Была поздняя осень, ноябрь. Теплое пиво в палатках, ледяное крошево в лужах. Макс никогда не видел Аришу и теперь, проходя рядами палаток к ее дому, он представлял себе встречу с этой пугающей женщиной, с этой ведьмой – как называли ее мать и тетя Аня. Ариша была их дальней родственницей, и о ее жизни женщины страсть как любили посудачить.
Ему уже виделся серый подъезд, сумрачно пованивающий, тихо шепчущий матерными каракулями на стенах о жизни здешних обитателей. Он поднимался на третий этаж, звонил; ему открывал дверь опухший от беспробудного пьянства Креп – был у Ариши «дружочек» один, о нем говорила тетя Аня – он тупо смотрел на Макса, бормотал: «Сейчас, подожди…» и захлопывал дверь перед его носом.

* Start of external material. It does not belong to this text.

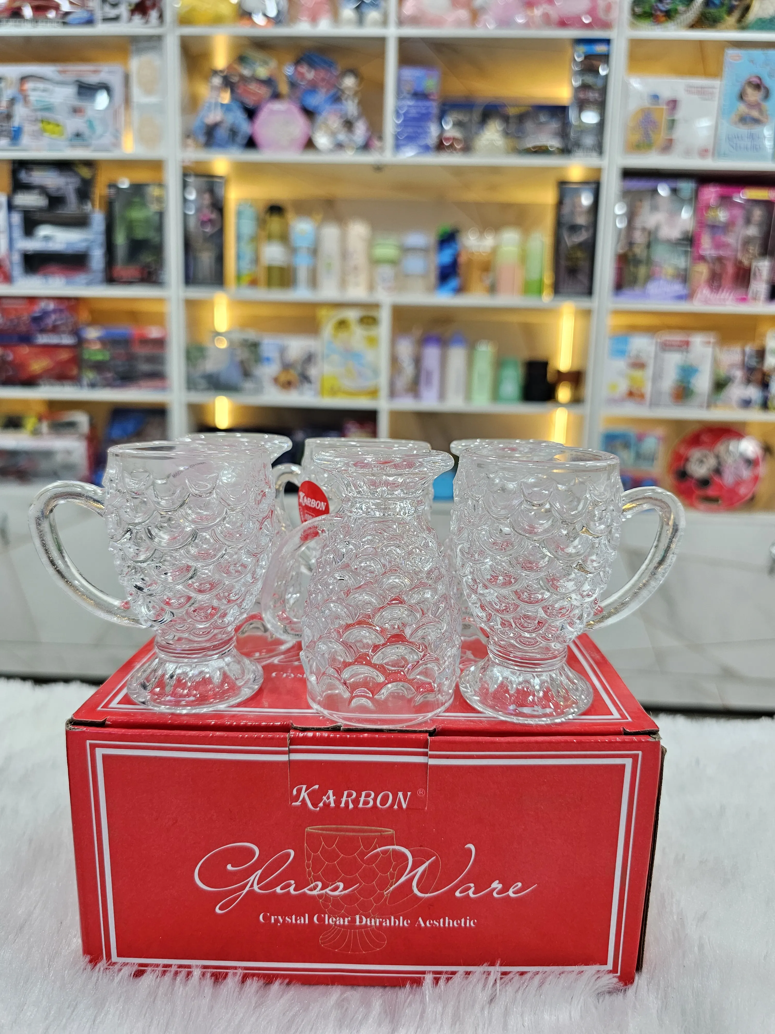 A beautifully crafted 6-piece fish-shaped glass set made from premium crystal-clear glass. The unique textured scales and elegant shine make it perfect for serving juices, welcome drinks, or using as a decorative table piece. Durable, stylish, and ideal for gifting during festivals, weddings, housewarmings, and return gifts. Comes neatly boxed and ready to present.

Потом Креп появлялся снова – с обрезом двустволки в руках; вид у него был растерянный, взгляд пустой, будто смотрел он куда-то мимо Макса, в непроглядную даль. Он как-то рассеянно нажимал на курки, и Макса швыряло на перила, свет мерк перед глазами…
Такие вот фантазии посещали Макса по дороге к дому номер один по улице Железнодорожной.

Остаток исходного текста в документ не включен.